#45: Some Like It Hot
Release Date: March 29th, 1959
Format: Theater (The Frida Cinema in Santa Ana, CA)
Written by: I.A.L. Diamond and Billy Wilder
Directed by: Billy Wilder
4 Stars
I’m embarrassed to admit how little of Billy Wilder’s filmography I’ve seen. This is the first time that I've seen Some Like It Hot. Additionally I’ve seen Wilder’s Double Indemnity, Sunset Boulevard, and The Apartment, all of which I think are excellent. But this leaves out other Wilder films such as The Lost Weekend, Ace in the Hole, Stalag 17, Sabrina, Fortune Cookie, etc etc etc (he made lots of movies).
There just weren’t any Wilder films at my mom’s or dad’s houses. And if I’m a teenager at the video store in the late ‘90s/early ‘00s, I’m not reaching for a black and white Jack Lemmon-in-drag movie (at this point I knew him as one of the old guys in Grumpy Old Men). I don’t care how funny the boomers tell me it is.
Well, Some Like It Hot is that funny. And well-constructed. Now that my Wilder viewing is up to four films, the thing that stands out the most about them is the quality of their construction. The beats are right, the performances are memorable, and the scripts are lean. There is no fat on the bone. The pace, especially for ‘40s and ‘50s films, is brisk and efficient. As a viewer, you just find yourself at total ease while watching a Wilder film. He’s got it, I can relax.
And laugh. Some Like It Hot has tons of laughs. D and I saw it at The Frida Cinema in front of a packed house and it came alive on the big screen. It sparked. It’s an original, high-concept comedy with big stars and smart, but always silly, hijinks.
It’s a dead genre, which is sad. I mentioned this similar type of sadness in my review of The Rock (#42), an action movie with practical effects and on-location shooting in downtown San Francisco and Alcatraz. I wrote that it’s not economically feasible to shoot a movie like that anymore, to the detriment of fans of action movies.
The production costs of Some Like It Hot are perfectly feasible economically today, that’s not the problem. So why don’t they make high-concept comedies like this anymore? I’m not sure there are filmmakers and writers that are funny enough to make them. Or maybe they are being made, but they’re not funny and make no cultural impact. It’s not a big mystery to me why comedy has migrated away from the big screen in the 2020s to stand-up comedy, which is as big as it’s been since the 1980s. Comedy on film is difficult.
Imagine putting, let’s say, Timothee Chalamet and Daniel Radcliffe in drag as two down-on-their-luck musicians trying to play in an all-women jazz band. It’s an insane high wire act for any director and it would need an airtight script. The risk to reward ratio is awful, and you could imagine it immediately getting roasted on social media and meme’d to death on the internet.
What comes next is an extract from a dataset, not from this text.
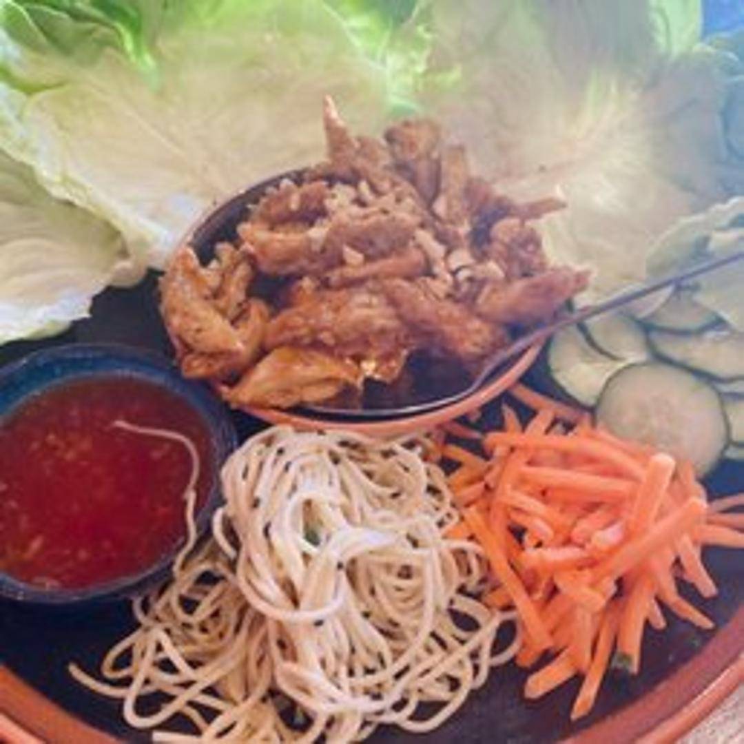 Choice of sautéed protein (chicken, tofu, or shrimp) with water chestnuts, mushrooms, carrots, and a savory sauce, served with crisp lettuce cups for wrapping.

You might be asking, but what about Barbie? Is that not a high-concept comedy, that took artistic and comedic risks, that was funny, that made a cultural impact? Yes, it was. I suppose it was the exception that proves the rule, and it’s partly why that movie was a huge success. There is an appetite for well-written, original comedies, but they’re risky to make and let’s face it, nobody likes to bomb. A mediocre drama can be politely tolerated in a theater, but a mediocre comedy can make you wince. Maybe Barbie’s success will open the door to other creative, risk-taking comedies. Hopefully.
In my research of Some Like It Hot, I came across a Billy Wilder interview where he said he makes his movies for himself and his ten best friends, and that anyone that sets out to make a hit for the public is only sacrificing their soul. In 2024, in the competition for clicks and likes and the international market, this seems like a quaint thought. And ironic, since a dozen Wilder movies have lived on in the public consciousness for decades.